Matthew Peter King (c.1773 – January 1823) was an English composer, mainly of light operas.

==Life==
Little is known of his life. King was born in London about 1773, and studied musical composition under Charles Frederick Horn. He lived mainly in London, where he died in January 1823.

==Compositions==
King wrote the music to a number of dramatic pieces, most of which were produced at the Lyceum Theatre, London.

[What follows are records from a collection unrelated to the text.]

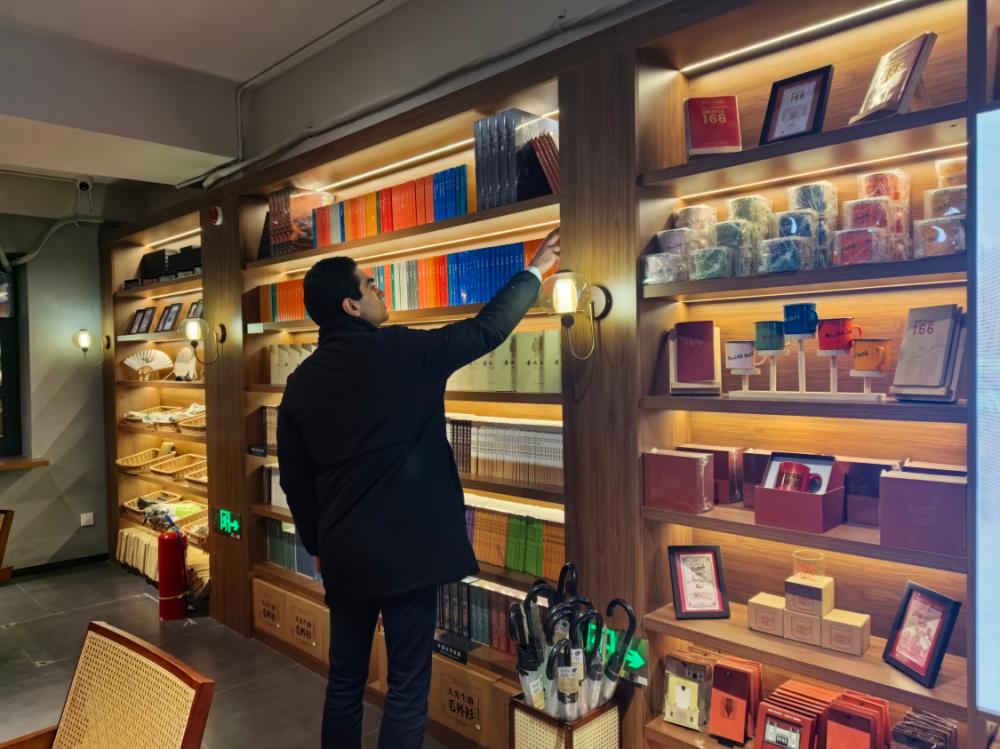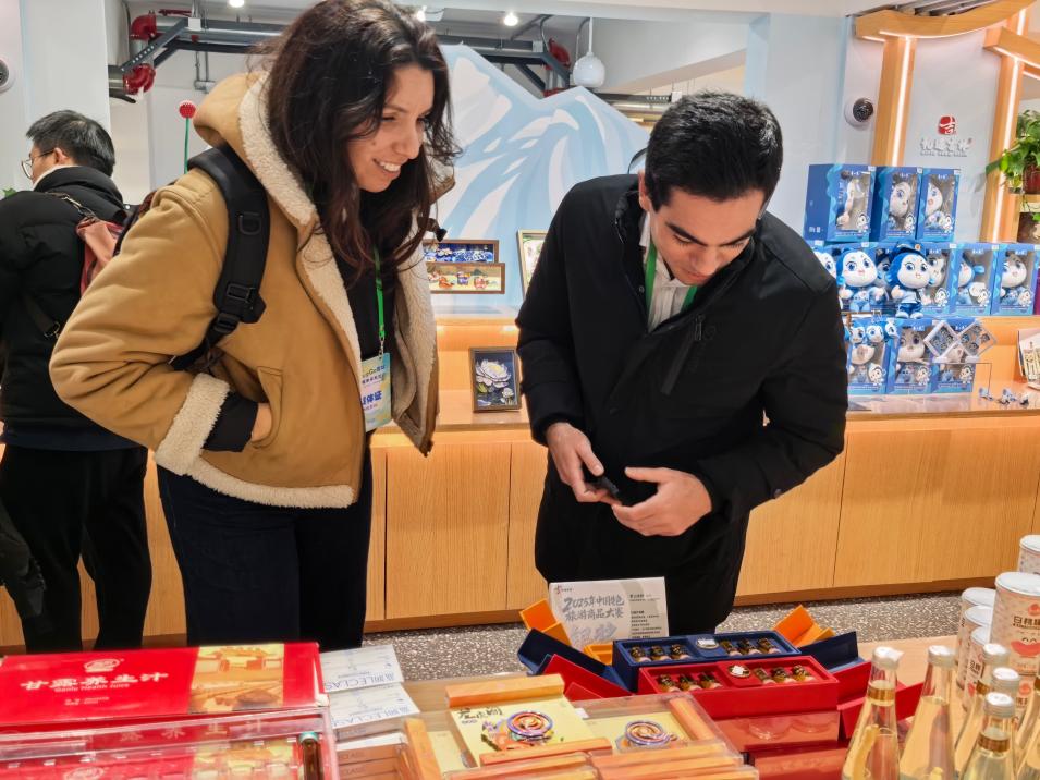 采風團走進春京西歷史文化街區,作為長春市首個建成并投入使用的歷史文化街區項目,其歷史可追溯至二十世紀初。在“禮遇吉林店”,采風團成員的贊嘆聲和相機、手機的快門聲頻頻響起,琳瑯滿目的吉林特產吸引了眾人的目光?!癐t's so cute.”美國自媒體博主于中美一邊拿著查干湖的文創產品“查小魚”玩偶,一邊感嘆道。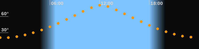| Höchster Stand (Kulmination) | 12:12 Uhr (h = 80,5°) |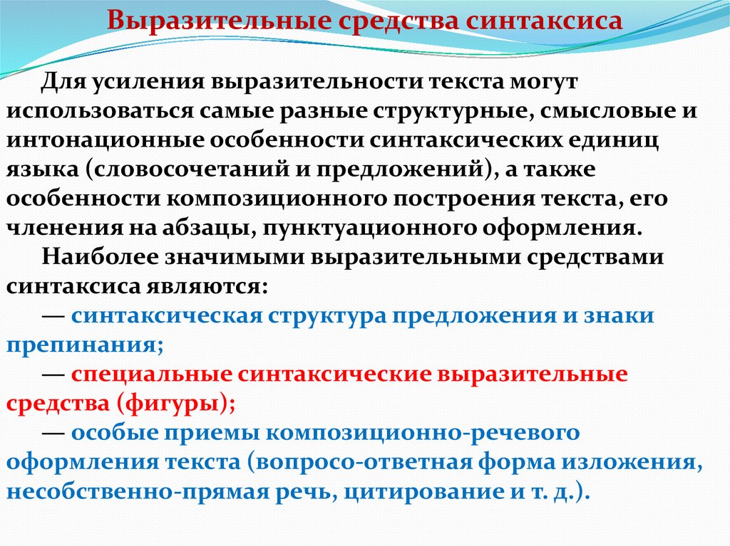 Выразительные средства синтаксисаДля усиления выразительности текста могут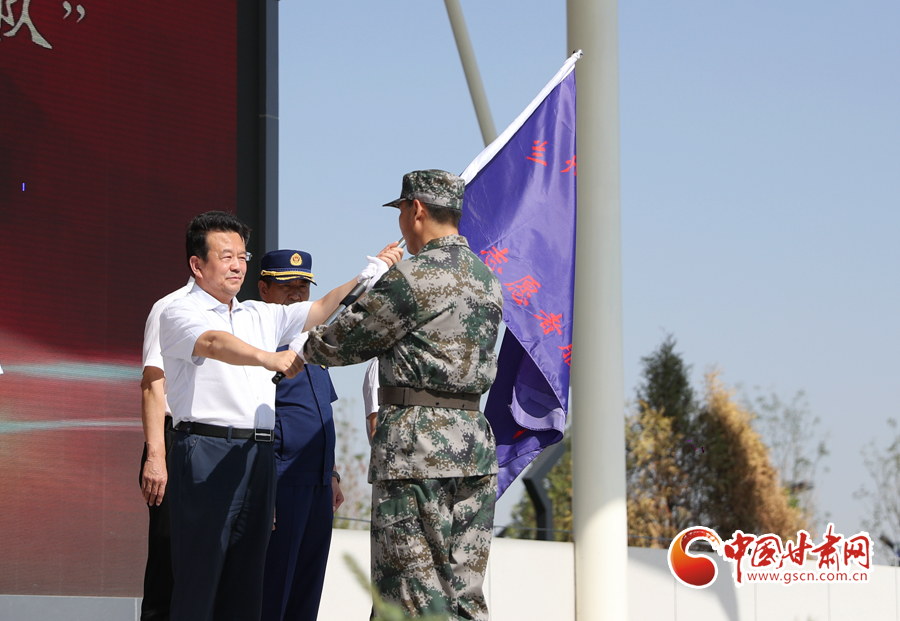 市委常委、政法委書記魏晉文同志為蘭州高新區(qū)“退役軍人志愿者服務(wù)隊(duì)”授旗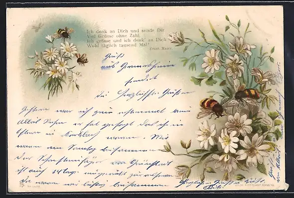 Lithographie Bienen an weissen Blumen, Grussreim

These include:
- Matrimony, comic opera, words by James Kenney, 1804
- The Invisible Girl, and The Weathercock, 1806
- False Alarms, comic opera, music by King and John Braham, words by J. Kenney, 1807
- One O'clock, or The Wood Demon, comic opera, music by King and Kenney, words by M. G. Lewis, 1807
- Ella Rosenberg, melodrama, by J. Kenney, 1807
- Up all Night, or The Smugglers' Cave, comic opera, words by S. J. Arnold, 1809
- Plots, or The North Tower, melodramatic opera, words by S. J. Arnold, 1810
- Oh! this Love, comic opera, words by J. Kenney, 1810
- The Americans, music by King and Braham, 1811
- Timour the Tartar, romantic melodrama, by M. G. Lewis, 1811
- Turn him out, musical farce, words by J. Kenney, 1812
- The Fisherman's Hut, music by King and Davy, 1819

King composed a number of glees, ballads, and piano pieces, as well as an oratorio, The Intercession, which was produced at Covent Garden in 1817. From this, Eve's lamentation, "Must I leave thee, Paradise?" became very popular.

==Literature==
He was the author of:
- Thorough Bass made easy to every Capacity (1796)
- A General Treatise on Music, particularly on Harmony or Thorough Bass (1800; new edition 1809)
- Introduction to the Theory and Practice of Singing at First Sight (1806)
- He edited The Harmonist, a Collection of Glees and Madrigals from the Classic Poets (1814)

His son, C. M. King, published some songs in 1826.